Correction - 4lbs @ $22.31 - I thought that I had ordered 5lbs - must have made a mistake placing the order.  Next time I'll try allthewhey.com.


----------



## Bizarro (Sep 6, 2004)

checked out allthewhey -- does it make a difference if you get the whey isolate or the whey blend?  The blend is a lot cheaper but I believe isolate is the way to go....


----------



## BIO (Sep 7, 2004)

imdaman1 said:
			
		

> The best price I have found on whey powder is $37.95 / 6 lbs.  This is at the local Gold's gym.  Anybody know where I can get it cheaper?



0Hey brutha. I once got a pallet of 50 bags of 80% whey protien concentrate in 33lb bags. I have like 10 left if you guys want them take them. The only catch is it is not flavored and taste like nothing so mix it with juice.

I can give them to anyone who wants it at $80 per bag shipped free shipping. Just want to get rid of them had them for 3 months sitting in my storage room and my wife is nagging me to get them the heck out.

[email protected] if ya interested.


----------



## imdaman1 (Sep 7, 2004)

That's a good deal - I don't have $80 right now though.


----------



## BIO (Sep 9, 2004)

imdaman1 said:
			
		

> That's a good deal - I don't have $80 right now though.

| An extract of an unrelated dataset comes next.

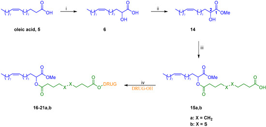 2.1. Synthesis of Drug-Methyl Oleate Conjugates
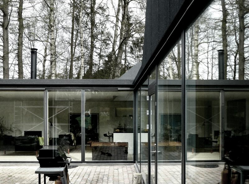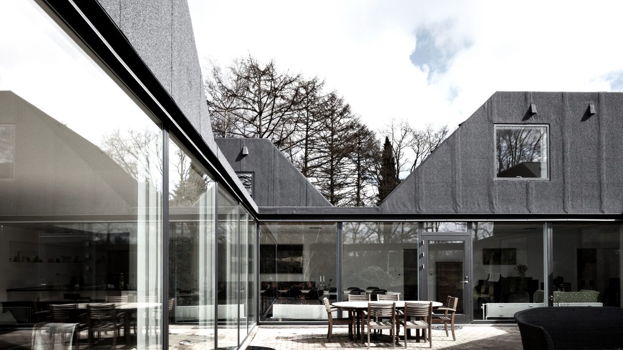 Totalombygning af villa i smukke landskabelige omgivelser præget af store træer. Huset er bygget i 60’erne som et dobbelthus i én etage med et relativt lukket ydre og en mere åben facade imod et gårdrum. Husets indre var præget af små og forholdsvis mørke rum med højtsiddende vandrette vinduer. Bygherrens ønske var at omdanne huset til en tidssvarende bolig for familien, som har tre børn. Dette omfattede både en transformation af husets indre og ydre, samt en mindre udvidelse af husets areal. Særligt fokus har været på at skabe bedre lysforhold, sammenhæng imellem ude og inde og bedre rum til alle familiens medlemmer.

Thats ok email me I will send ya an address and a bag you pay me when you can ok?


----------



## imdaman1 (Sep 9, 2004)

Dude, are you kidding?  How much is shipping on 33 friggin lbs?!?!


----------



## BIO (Sep 11, 2004)

imdaman1 said:
			
		

> Dude, are you kidding?  How much is shipping on 33 friggin lbs?!?!



Like $20 postal regular mail usps If I remember correct. Take 5-7 days to get there. Just rying to help you man. Not looking to profit.


----------